Os entredois, os lugares de fora que o projeto ordenador da nova capital quis
eliminar são as trocas e caminhos cruzados que tornam possível, a transformação do
espaço em um fluxo de des-re-territorialização e por consequência buscou-se eliminar as
diferenças, a política em sua dimensão potencial de palavra na polis. Manzo é a
exemplificação da continuidade deste projeto, mas é ao mesmo tempo uma de suas
principais denúncias.
Manzo se apresenta a esse modelo, como o dificilmente controlável, o que as
elites construtoras da nova capital e as elites atuais ainda temem. Belo Horizonte, nasce
como cidade, na mesma medida em que se tentou negar seu caráter citadino. Berenice
Guimarães (1991), em “Cafuas, barracos e barracões”, reconstrói a tentativa de negar à
cidade aquilo que chamo aqui de sua citadinidade (inspirado em Agier 2011).
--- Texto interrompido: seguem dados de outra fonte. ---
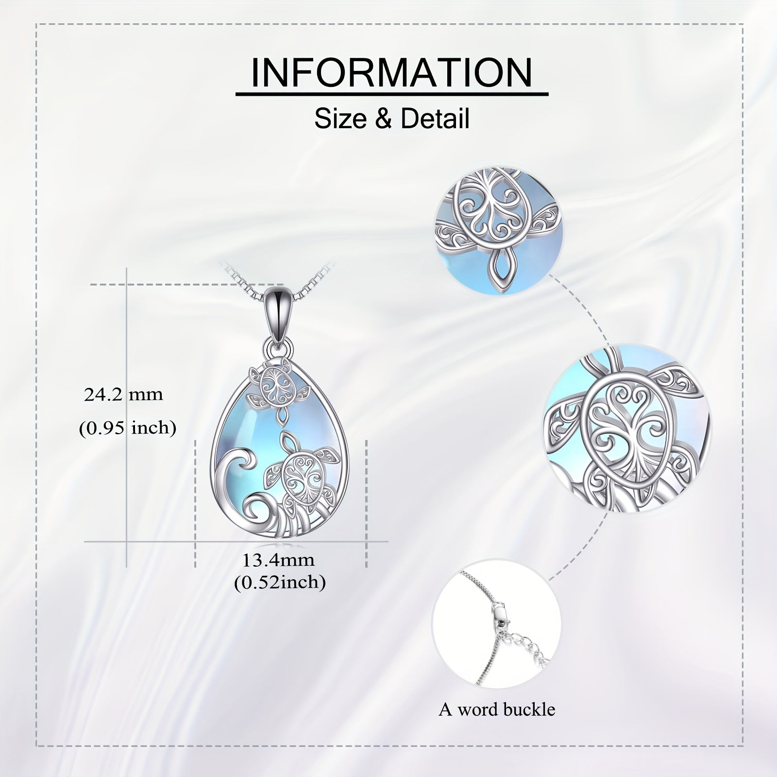 Turtle Necklace with Moonstone in Pure Silvery for Mom

Trata-se da
imposição de um ordenamento violento, de negação da diferença através da expulsão
fisica daqueles que carregavam no corpo e nas atitudes a diferença indesejada. Ao mesmo
tempo, Guimarães mostra como, e esta é sua principal contribuição ao debate, desde
sempre este modelo foi questionado e violado pelos sujeitos, que mesmo subalternizados
foram participantes da construção da verdadeira citadinidade, a partir de suas
resistências. Pimentel ao analisar o surgimento da nova capital chama a atenção para o
fato de que:
Belo Horizonte é a imposição de uma urbis planejada claramente para delimitar os espaços das classes sociais. Não que Ouro Preto ou as demais cidades coloniais não fossem segregadoras. Claro que eram, mas o “plano da cidade” era fortuito, aleatório. Nelas não nos deparamos com a intervenção do Estado para marcar os lugares como se verá depois na Paris de Haussmann, na Viena de Sitte e Wagner, no Rio de Janeiro de Pereira Passos e na Belo Horizonte de Aarão Reis. (Pimentel, 1989:28)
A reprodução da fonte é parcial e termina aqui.